May 28, 2009 07:00 PM
 

via a special arrangement with Informa Economics, Inc.

Goal is to go from 'controlled risk' to 'negligible risk'


NOTE: This column is copyrighted material, therefore reproduction or retransmission is prohibited under U.S. copyright laws.


The National Cattlemen's Beef Association (NCBA) is encouraging the U,S. government to submit "appropriate information” to the World Organization for Animal Health (OIE) to conduct a review of its current BSE risk status for the United States.

NCBA said the U.S. has demonstrated it should be classified as a "negligible risk” country versus the current status of "controlled risk.”

Background: Under OIE regulations, there are three BSE risk categories -- negligible, controlled and undetermined risk.

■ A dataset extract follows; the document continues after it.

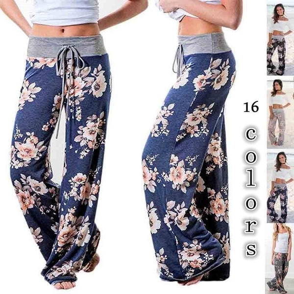 Brand New and High Quality.Polyester. Stretch material,super comfy.Pajama pants, lounge pants, casual pants, palazzo pants, yoga pants, wide leg pants with drawstring, floral print, comfy and stretchy Lounge pjs pants for a cute look. You can get a lot of use from it. Design: elastic waist, high waist, floral print, wide leg and with drawstring. Comfy, soft and stretchy sleep night Lounge Pants, Adjustable drawstring waistband for added comfort. Occasions:casual wear, home wear, sleep wear, going out, yoga, vacation or beach wear.You can wear it in any season for different use. S:[Waist:25.74 ~ 27.3″ Length:40.95″]; M:[Waist:27.3 ~ 28.86″ Length:41.34″]; L:[Waist:28.86 ~ 30.42″ Length:41.73″]; XL:[Waist:30.42 ~ 31.98″ Length:42.12″]; 2XL:[Waist:31.98 ~ 33.54″ Length:42.51″]; 3XL:[Waist:33.54 ~ 35.10″ Length:42.91″] Please tie the string before wash to make sure the string would not string out, Hand or gentle machine wash in cold water / Do not bleach / Line dry. It won’t shrink after wash and dried.

Controlled risk status is granted to countries where adequate measures are taken, including the removal of certain risk materials such as brains, eyes and spinal cords, even though some cases of BSE are still found. More than 30 countries, including the U.S., Britain and France, are in the controlled risk category while 10 countries are classified as negligible risk.

Earlier this week the OIE voted to grant BSE "controlled risk" status to Japan. NCBA said it hopes this will have "a positive effect on our ongoing efforts to increase market access for U.S. beef in Japan.”

NCBA said Japan's restriction on beef products from cattle over 21 months is limiting the U.S. to about 25 percent of the potential market there,"which translates to more than $1 billion in untapped beef export revenues each year.”


Comments: The NCBA push is both warranted and overdue based on events (or in this case, the lack of them) to date. Also, take note of NCBA's assessment of the potential beef trade revenue the U.S. beef industry continues to lose as a result of the multi-year inability to come to grips with this issue: more than $1 billion in untapped beef export revenues each year. In a town that has gone from billions to trillions that may not sound like much, but just ask U.S. ranchers and U.S. beef exporters if that isn't real money.